Instructions to follow
Repeat everything in the data exactly except images.
*** Opening Raw data ***
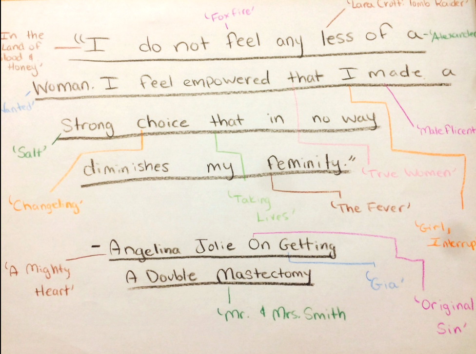 While many women and men have come together in many different ways in order to improve and give a positive impact towards gender equality. Many that are similar ways and many different. Jolie creates a positive impact in gender equality for she tells women that they can be free to be who they are. Jolie has many strong cores that she tries to show people in order to create equality. While her strongest and passion to show to women is for women to take control of their health and for no one to make them feel less like a women. Her second most strongest stance is to show women of all ages to not feel like they have to follow society's footsteps but that they can be different. For women to be who they strive to be. “I am writing about it now because I hope that other women can benefit from my experience. Cancer is still a word that strikes fear into people’s hearts, producing a deep sense of powerlessness. But today it is possible to find out through a blood test whether you are highly susceptible to breast and ovarian cancer, and then take action.” A quote that comes from Jolie, she wrote a piece about women and cancer titled “My Medical Choice” which then was published on ‘New York Times.’ Jolie has given women a new hope that shines through to get the right needed medical information they need in order to be healthy. While most women at first did not go through their health problems so much for it made them seem like womanly to others, at least that is how society has put it. Yet Jolie has taught that you must take care of yourself and nothing is wrong with that.
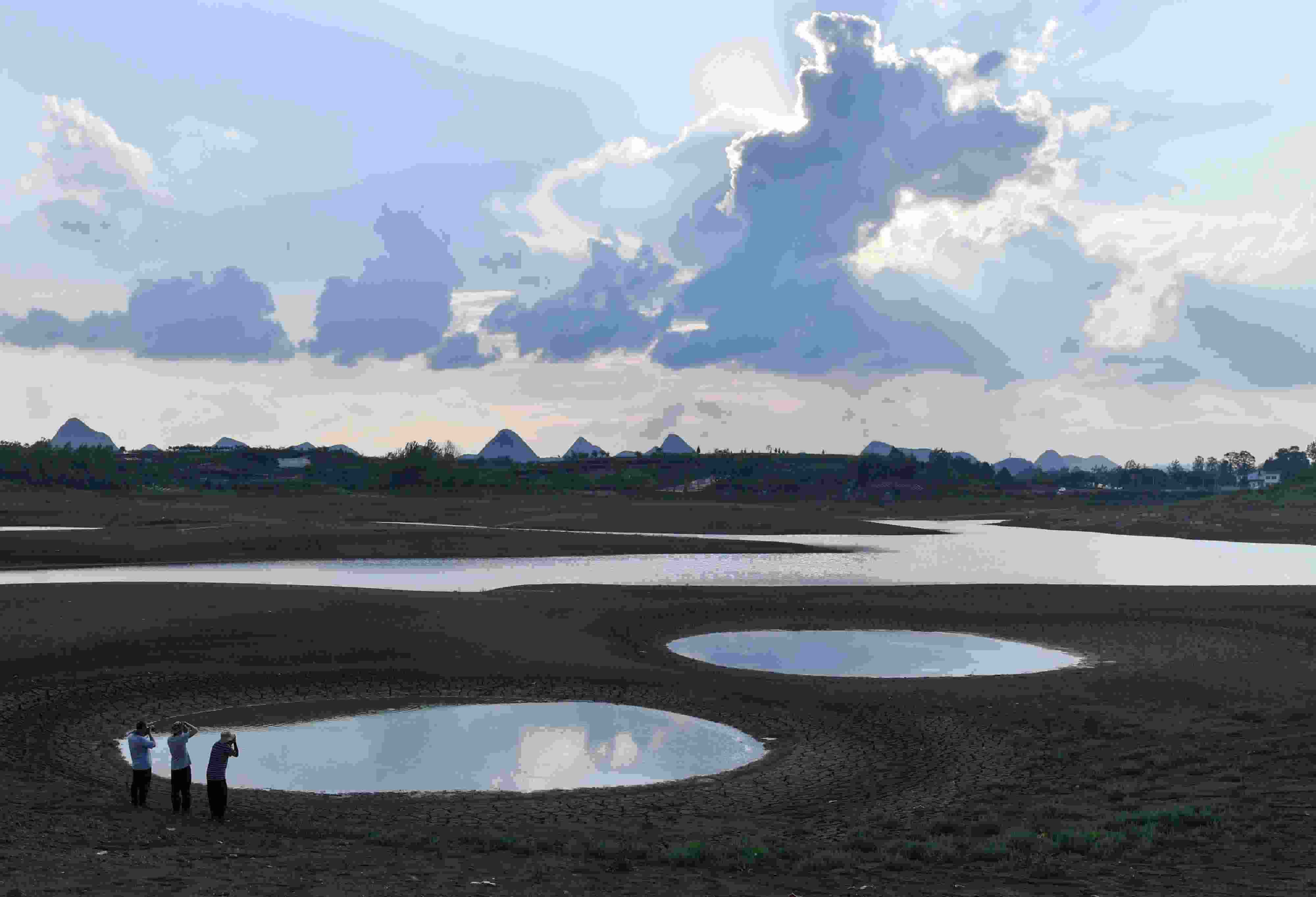 2023年6月3日,貴陽(yáng),紅楓湖水位降低,灘涂裸露。 視覺中國(guó)
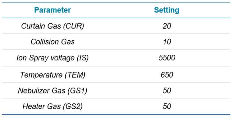 MS conditions: A SCIEX QTRAP® 6500+ System was employed for its sensitivity and robustness. Optimized MRM transitions were selected and utilized for maximum sensitivity. Isotopically labelled target analytes were utilized as internal standards for achieving the highest quality quantitation data in complex soil and plant extracts. Table 1 details the instrument conditions utilized in this method.
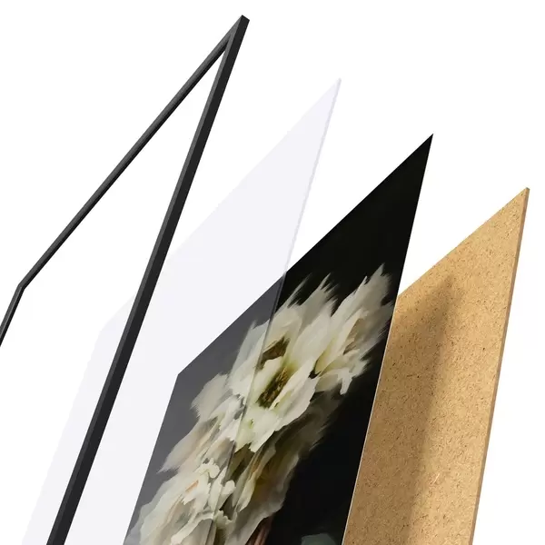 Plakát se skládá z rámu, plexiskla, tištěného obrazu a dřevotřískového podkladu. Díky úchytům na zadní straně lze plakát ihned zavěsit na zeď.
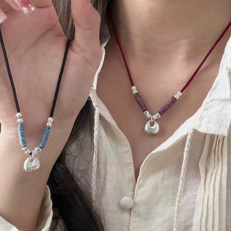 銀坤坤実心銀メッキ平安小太った福袋龍年紅縄ネックレス編み縄カップル男女卸売り
*** Closing Raw data ***
Output of the task
 While many women and men have come together in many different ways in order to improve and give a positive impact towards gender equality. Many that are similar ways and many different. Jolie creates a positive impact in gender equality for she tells women that they can be free to be who they are. Jolie has many strong cores that she tries to show people in order to create equality. While her strongest and passion to show to women is for women to take control of their health and for no one to make them feel less like a women. Her second most strongest stance is to show women of all ages to not feel like they have to follow society's footsteps but that they can be different. For women to be who they strive to be. “I am writing about it now because I hope that other women can benefit from my experience. Cancer is still a word that strikes fear into people’s hearts, producing a deep sense of powerlessness. But today it is possible to find out through a blood test whether you are highly susceptible to breast and ovarian cancer, and then take action.” A quote that comes from Jolie, she wrote a piece about women and cancer titled “My Medical Choice” which then was published on ‘New York Times.’ Jolie has given women a new hope that shines through to get the right needed medical information they need in order to be healthy. While most women at first did not go through their health problems so much for it made them seem like womanly to others, at least that is how society has put it. Yet Jolie has taught that you must take care of yourself and nothing is wrong with that.
 2023年6月3日,貴陽(yáng),紅楓湖水位降低,灘涂裸露。 視覺中國(guó)
 MS conditions: A SCIEX QTRAP® 6500+ System was employed for its sensitivity and robustness. Optimized MRM transitions were selected and utilized for maximum sensitivity. Isotopically labelled target analytes were utilized as internal standards for achieving the highest quality quantitation data in complex soil and plant extracts. Table 1 details the instrument conditions utilized in this method.
 Plakát se skládá z rámu, plexiskla, tištěného obrazu a dřevotřískového podkladu. Díky úchytům na zadní straně lze plakát ihned zavěsit na zeď.
 銀坤坤実心銀メッキ平安小太った福袋龍年紅縄ネックレス編み縄カップル男女卸売り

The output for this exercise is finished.